Jan 11, 2010 Business Daily, Management

“Companies around the world are cutting back their financial-incentive programs, but few have used other ways of inspiring talent. We think they should. Numerous studies have concluded that for people with satisfactory salaries, some nonfinancial motivators are more effective than extra cash in building long-term employee engagement in most sectors, job functions, and business contexts. Many financial rewards mainly generate short-term boosts of energy, which can have damaging unintended consequences. Indeed, the economic crisis, with its imperative to reduce costs and to balance short- and long- term performance effectively, gives business leaders a great opportunity to reassess the combination of financial and nonfinancial incentives that will serve their companies best through and beyond the downturn.”

Martin Dewhurst, Matthew Guthridge, and Elizabeth Mohr, MCKINSEY QUARTERLY (November 2009)

The best way to get your employees performing better is to offer them more money if they do it, correct? Performance-based pay has been such a stalwart of organisational practice that we forget to ask whether it is based on sound thinking. People are beginning to ask questions about this ubiquitous policy, and so they should.

Money can indeed be a great motivator – but only in certain circumstances. At low levels of income, where people hover on the edge of desperation, more money is indeed a primary motivator. But that is not the level at which most companies try to motivate their staff with money. That practice is reserved for the middle and upper echelons of most organisations. And that is precisely where the idea is least effective.

In the global McKinsey survey referred to, respondents viewed three non-cash motivators – praise from immediate managers, leadership attention (for example, one-on-one conversations), and a chance to lead projects or task forces – as no less or even more effective motivators than the three highest-rated financial incentives.

And that is the heart of the matter: above a certain level of income where basic comforts are assured, the human animal desires a sense of belonging, a sense of purpose and a sense of appreciation. Let me be blunt: it is the sheer laziness of bosses and HR professionals that prevents those things from being provided. It is far easier just to dangle some money and hope for the best.

In this country we have taken that laziness to new levels. We have created a corporate culture where only material reward is deemed to matter. People go to the organisation which offers the highest pay, and they leave that organisation the minute it stops offering the highest pay. There is no deeper connection at work. That is why we have created a generation of grasshoppers who spring away at the first sight of greener pastures.

How many of you can claim that you have a ‘sticky’ organisation where people feel a sense of bonding and growth that they don’t get anywhere else? Where people stay even though monetary rewards are greater elsewhere, and aspire to spend most of their careers? And where, when people are forced to move, they agonize over the decision? Don’t all rush to answer…

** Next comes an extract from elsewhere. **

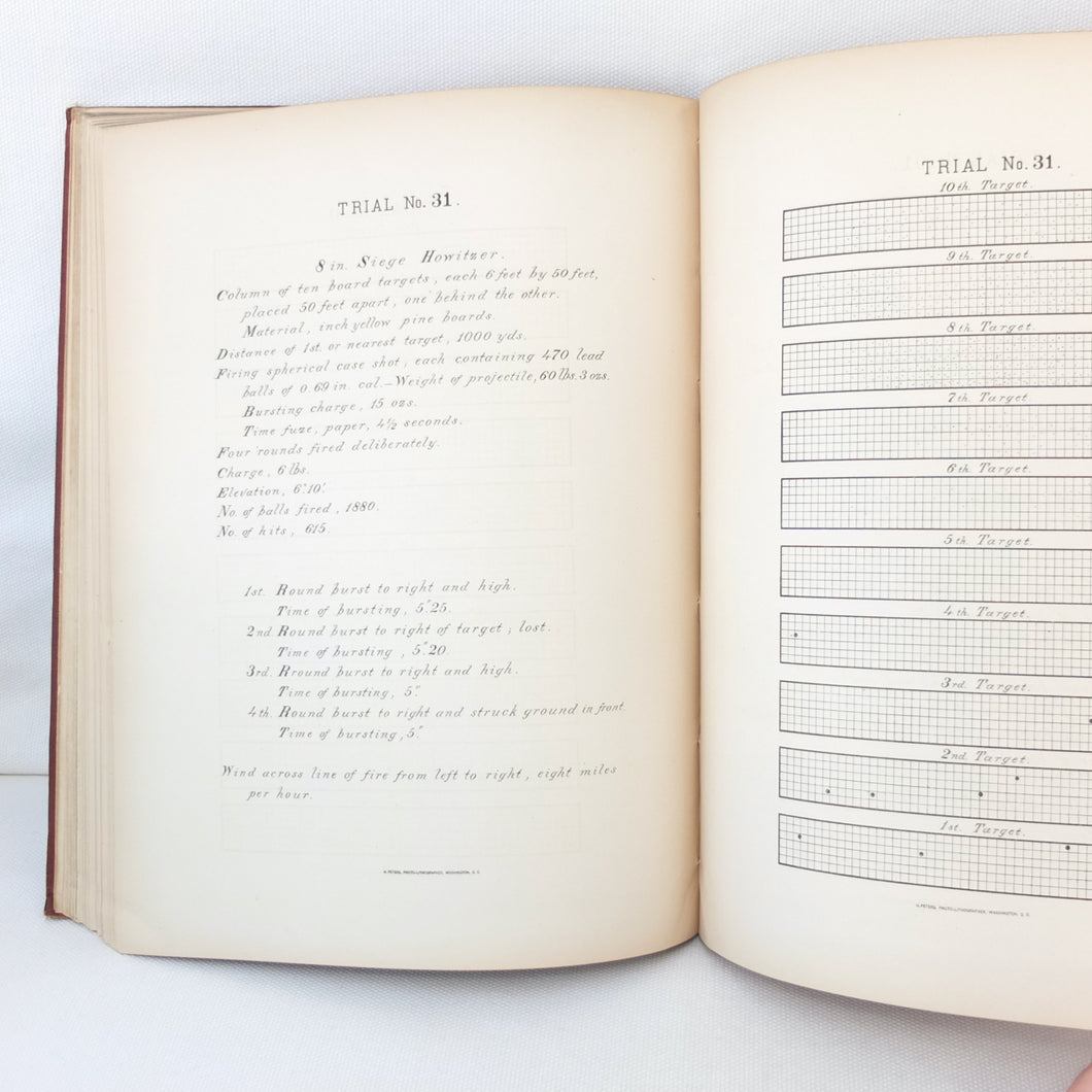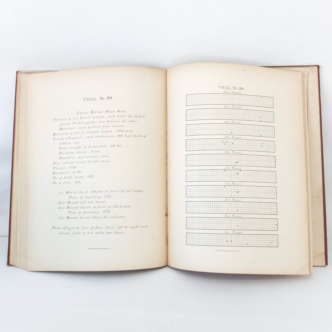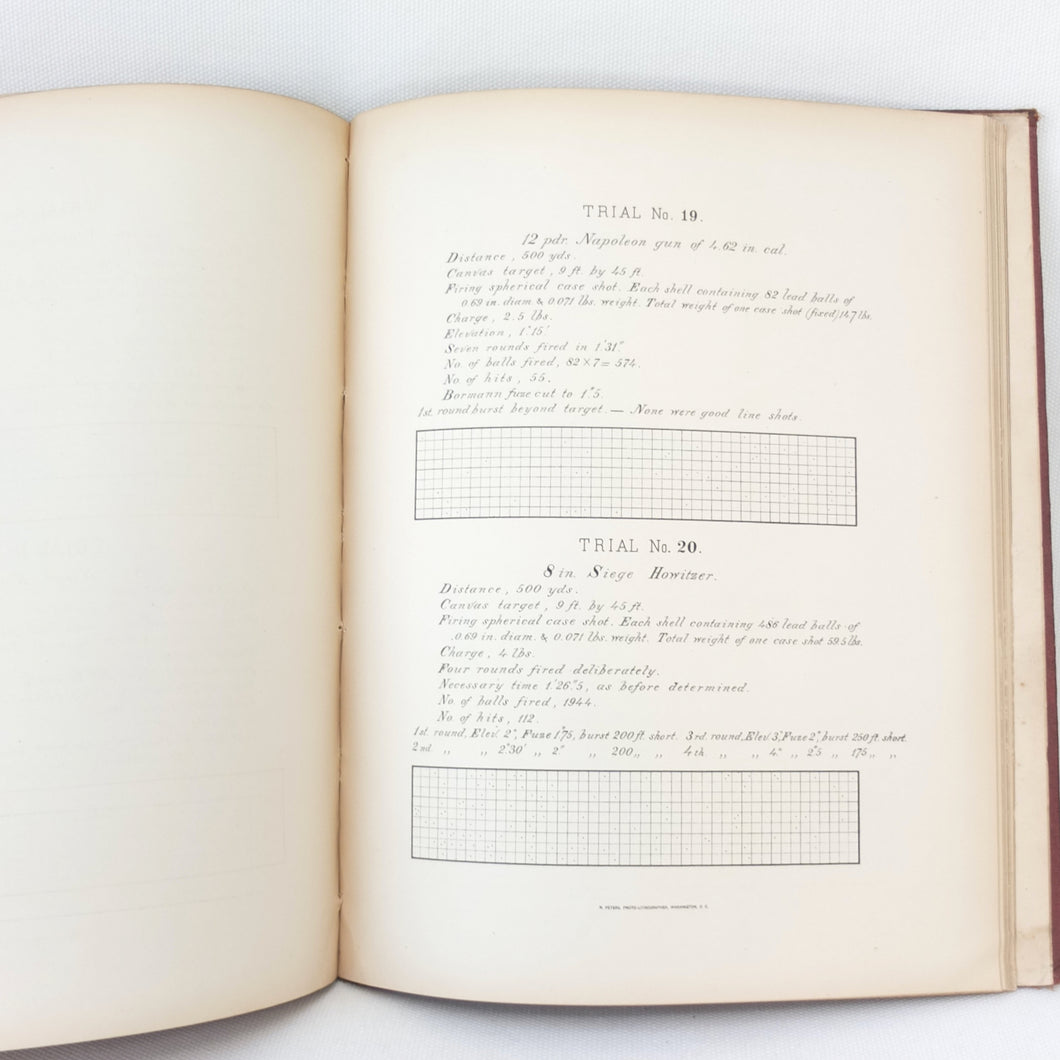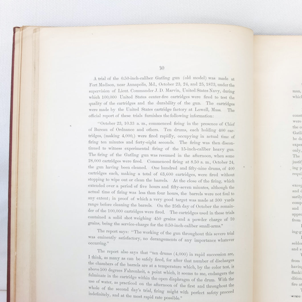 Ordnance Memoranda No. 17 was produced to show the results of the tests carried out in 1873 as part of the process to ‘decide upon the caliber of guns to be tried, and the ammunition to be used, in the experiments and tests of two Gatling guns of large caliber for flank-defense of fortifications’. It includes a description of the gun and its mechanism, ammunition, and specifications. There are also extensive reports of the various trials and results of the tests carried out, including firing at different distances, penetration and effects achieved with various types of ammunition, etc.

Another problem area is when creative ideas and solutions are needed. Some studies show that where you are asking employees to innovate and break new ground, the lure of financial reward can often be a disincentive, limiting the breadth of thought. Creativity flourishes where people have a shared sense of higher purpose and common understanding – not where they are trying to outdo each other.

Don’t get me wrong: financial incentives can be effective. But they are only a small part of the motivation equation. There is no way around it: if you want highly motivated employees, you have to spend time with them, appreciate and recognise them, and offer them personal growth. Those things, more than the remuneration budget, are the hallmarks of great people organisations.